彼は私の手を両手で握りしめ、ガクガクと震えている。
「すまない……! 私が代わってやりたい……! なぜ魔法で痛みを転送できないんだ……! くそっ、私の無力さが憎い!」
「……アレクセイさん、手が……痛い……」
「ああっ、すまない!」
彼が慌てて力を緩める。 助産師さんたちがテキパキと動く中、夫は完全に邪魔……いや、精神的支柱としてそこにいた。
「閣下、もう少しです! 子宮口全開大!」
「リアナ様、いきんでください!」
「はい……っ!」
私は大きく息を吸い込んだ。
痛い。怖い。もう逃げ出したい。 でも──。
(……会いたい)
この十ヶ月。 つわりに耐え、体重増加に悩み、
胎動に励まされ、アレクセイさんと名前を考えた日々。 その全ての「投資」を回収し、最高の「利益」を手に入れる瞬間が、今なのだ。
「……ふぅーーーーっ!!」
私が力を込めると同時だった。
ゴゴゴゴゴゴッ……!!
分娩室が激しく揺れた。 地震ではない。 私のお腹から──赤ちゃんの魔力が暴走しているのだ。
照明が明滅し、金属製の器具がガタガタと宙に浮く。
「ひぃっ!? ポルターガイスト現象!?」
「落ち着け! 私が抑える!」
アレクセイさんが片手で防御結界を展開し、飛び交うメスやトレイを弾き飛ばす。
「我が子よ! 今は暴れるな! ママが頑張っているんだぞ!」
「……うあああああーーっ!!」
私は魔力暴走も、アレクセイさんの叫びも無視して、最後の力を振り絞った。
この痛みの先に、光がある。
計算も理屈も超えた、命の奇跡が。
「頭が見えました! あと一回!」
「いけぇぇぇぇ、リアナァァァッ!!」
アレクセイさんの、聞いたこともないような絶叫が響き渡った。
私は彼の手を握り返し、渾身の力で──世界を押し広げた。
「……んぎゃあぁぁぁぁぁーーっ!!」
元気な産声。 同時に、部屋中を渦巻いていた魔力の嵐が、ピタリと止んだ。
ふわり、と温かい光が分娩室を満たす。
「……はぁ、はぁ……」
全身の力が抜けた。 私の視界の端に、助産師さんに抱き上げられる、小さな、赤い塊が見えた。
「おめでとうございます! 元気な男の子ですよ!」
男の子。 その言葉を聞いた瞬間、アレクセイさんが崩れ落ちた。
「……やった……。
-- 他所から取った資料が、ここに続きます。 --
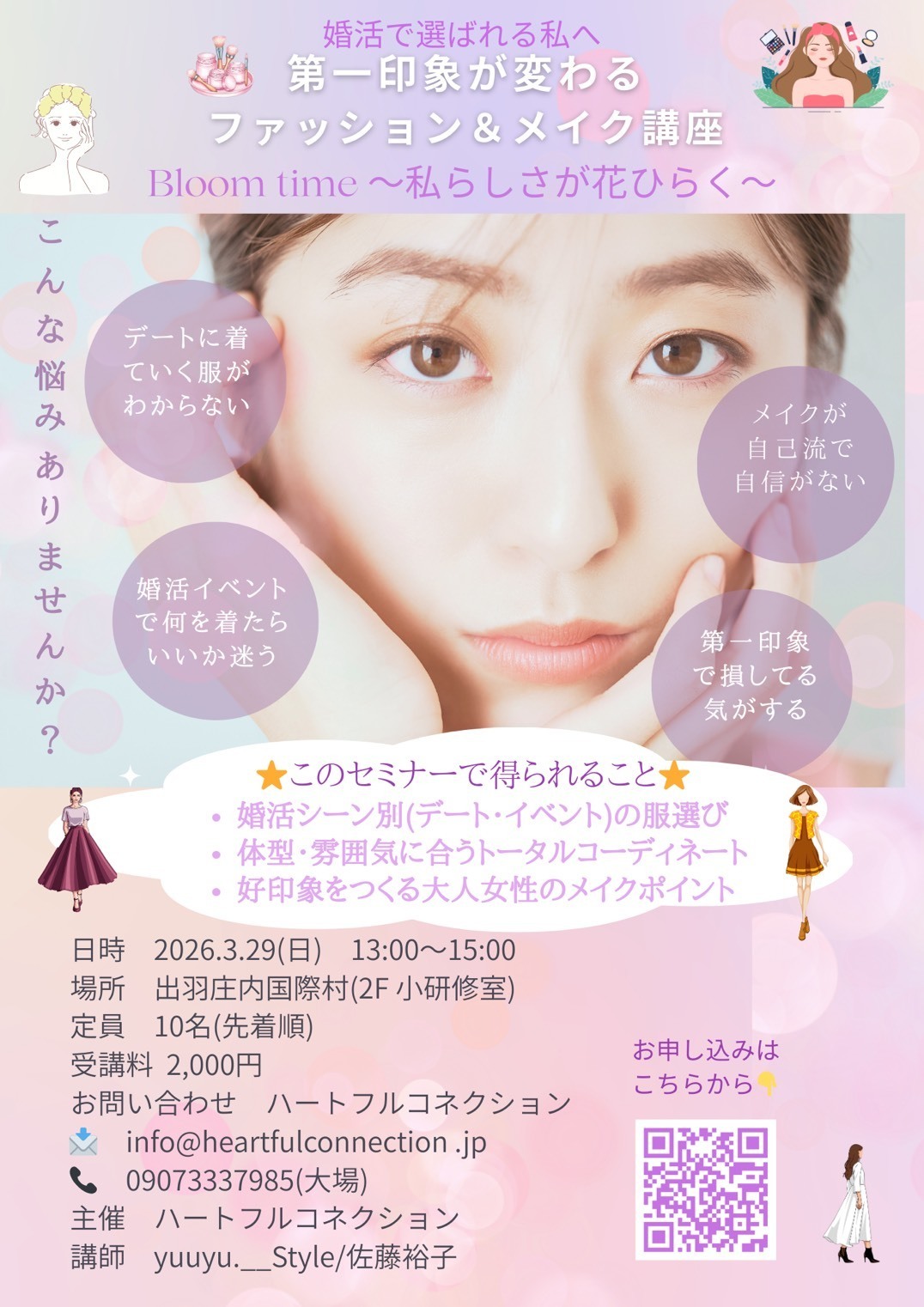 婚活に関わる不安や悩みをご相談ください。女性に人気の恋愛診断も開催しますので、お気軽にご参加ください。事前のお問い合わせや確認事項は下記宛に✉をお願いいたします。

リアナ……やったぞ……」
「……はい」
助産師さんが、産湯につかった赤ちゃんを、綺麗なタオルに包んで連れてきてくれた。
私の胸の上に、ずっしりとした重みが乗る。
「……はじめまして」
私は震える手で、その小さな頬に触れた。
温かい。柔らかい。 アレクセイさんと同じ、少し銀色がかった髪の産毛。 まだくしゃくしゃの顔だけど、世界で一番愛おしい顔。
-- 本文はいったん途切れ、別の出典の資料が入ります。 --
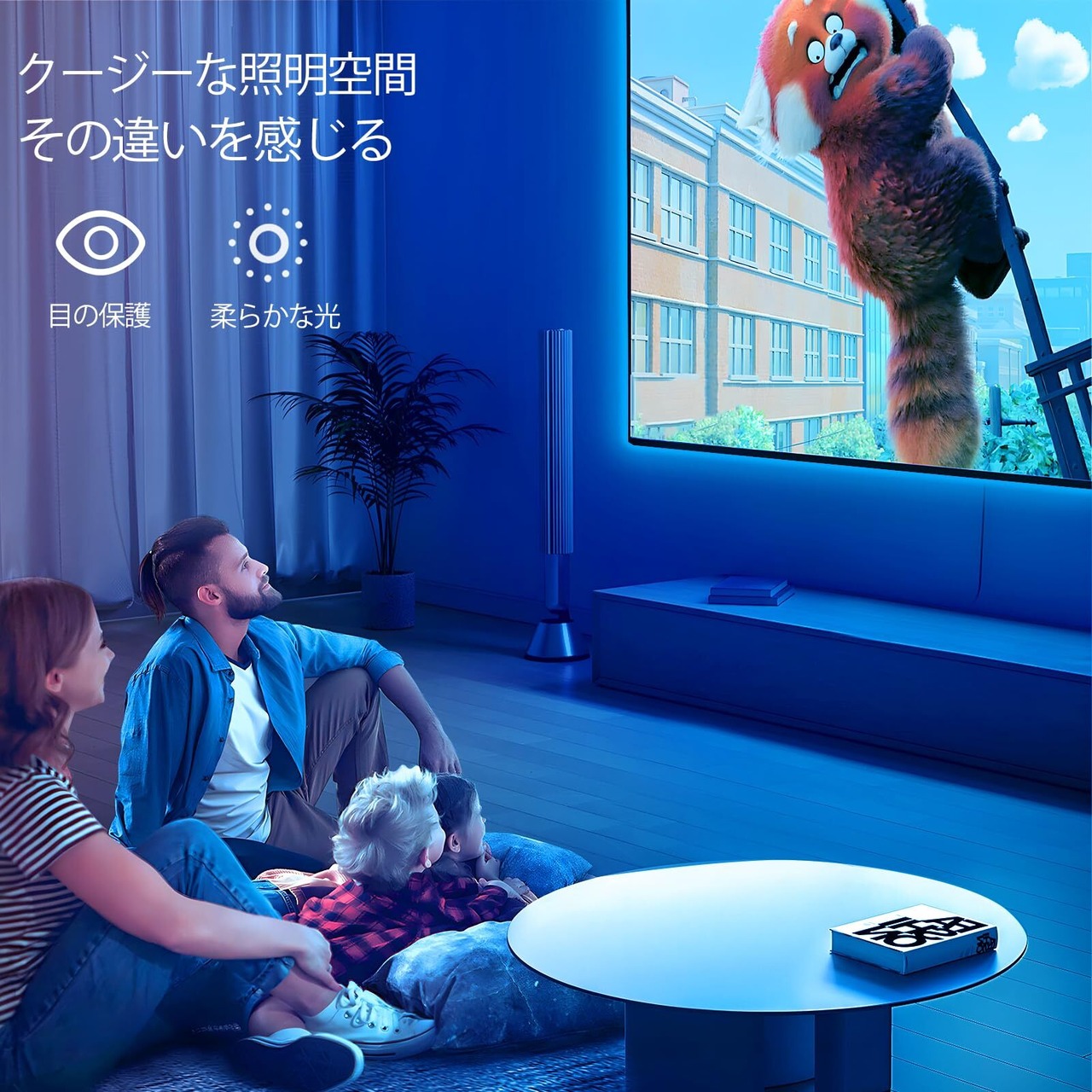 【目の疲れを軽減】ストリップライトは32~65インチのテレビに適用できます。テレビにテープライトを貼ることによって明るいテレビと暗い部屋の間のコントラストを下げ、目の疲れを軽減、頭痛を防ぎます。

「……よく頑張ったな、リアナ。……本当に、ありがとう」
アレクセイさんが、私と赤ちゃんの両方を抱きしめるように覆いかぶさる。
彼のアメジストの瞳からは、大粒の涙がボロボロとこぼれ落ちていた。
「見てくれ。……私の指を握っている。なんて力強いんだ」
「ふふ。……将来は、貴方を超える魔法使いになりますね」
私たちは泣き笑いで顔を見合わせた。
激動の出産劇。 宰相の悲鳴と、魔力暴走のオマケ付き。でも、結果は最高だ。これ以上の「黒字」はない。
その時だった。
「……あぅ?」
腕の中の赤ちゃんが、ゆっくりと目を開けた。
その瞳の色を見て、私は息を呑んだ。
「……アレクセイさん。見て」
「ん?」
その瞳は、アレクセイさんの『アメジスト(紫)』と……私の『トパーズ(黄金色)』だった。 右目が神秘的な紫。左目が、蜂蜜を溶かしたような深い黄金色。
二人の色を受け継いだ、美しい「オッドアイ」だ。
「……右目は私で、左目はリアナか」
「ええ。……見事に半分こですね」
そして、赤ちゃんは私とアレクセイさんの顔をじっと見つめると──。
パチンッ。
小さな指を鳴らすような仕草をした。 その瞬間。 アレクセイさんが流していた涙が、空中で結晶化し、キラキラと輝く「ダイヤモンドの粒」に変わって降り注いだ。
「……なっ!?」
「……物質変換魔法?」
生まれた瞬間に、父親の涙を宝石に変える赤ちゃん。
私とアレクセイさんは、顔を見合わせ──
そして、同時に吹き出した。
「……あはは! さすがはアインスワース家の子だ!」
「ええ。……これなら、将来お金には困りませんね」
私の計算機の中に、新たな項目が追加された。
『長男:計算不能の可能性を秘めた、我が家の最高資産』。
新しい生活の幕開けは、宝石の雨と共に始まった。